Product quality is another key to judging an operation, but unfortunately, information on all aspects of dry lumber quality has been difficult to obtain in the past. New technologies have changed that, and kiln operators now have options to collect more and better data on dry lumber quality.
Kiln operators want lumber to exit the kiln as close as possible to the target MC and with the maximum grade possible. Therefore, the measurement of final MC is one component of dry lumber quality assessment.
A number of defects can potentially develop during the drying process that we collectively refer to as drying degrade. Stress-related drying defects include surface and end-checking as well as changes to the shape of the piece (warp). Warp is by far the most common drying defect causing a board to be down-graded in a softwood dimension mill. As a result, warp assessment is the second component of a program to monitor dry lumber quality in softwood dimension lumber.
Information on dry lumber quality has always been limited by issues of accuracy and/or sample size. The refinement of in-line moisture meters and the advent of automated grading systems have changed this situation considerably.
In-line moisture meters at the planer mill are by no means new. They have been around for years, but it is still surprising to see how many mills are not taking full advantage of this valuable source of information. If you are still using your moisture meter to simply kick out “wets,” you are missing a good opportunity to evaluate your drying operation.
Many newer in-line meters have the ability to enter charge and package information as material is processed.

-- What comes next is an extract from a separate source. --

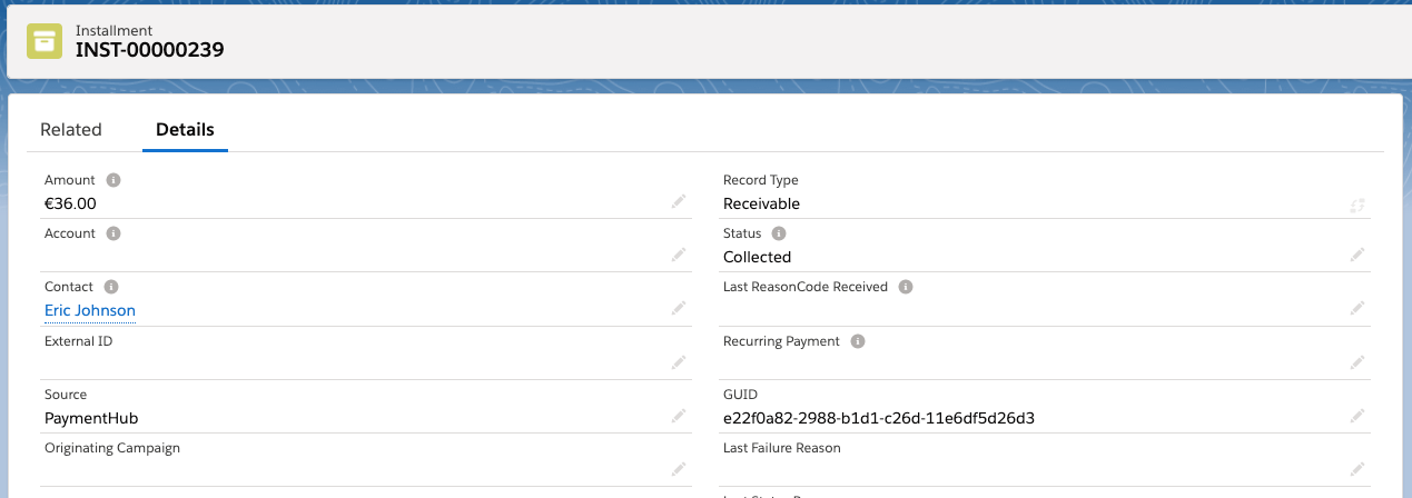 - The installment record is updated (status is set to ‘Collected’ and amount is reduced by the amount paid to 0).

This allows the operator to collect final MC data on all material processed. These data can be analyzed on a board-by-board, package-by-package, or charge-by-charge basis. This information can often be used to determine if, for example, variations in final MC are due to kiln-related issues or are more a result of differences in the material, such as species or initial MC.
Most kiln operators are used to working with batch data such as average MC and standard deviation. These parameters work well when sampling a small proportion of the load and trying to extrapolate to the entire population. The advantage of an in-line meter is that we no longer need to extrapolate – we already have all the information we need. A histogram of final MC is often more valuable than any statistics.
A quick look at figure 1 shows quite clearly the effectiveness of a drying operation in achieving the final MC target. There is a certain percentage of material in the “on target” zone, with the rest distributed between over-dry and under-dry (“wets”). In this case, it is easy to see that the main problem is associated with over-drying, and we can quickly add up the bars to determine that approximately 25% of the material is below the target final MC range. The percentage material above and below pre-defined limits is a much better parameter to work with than standard deviation.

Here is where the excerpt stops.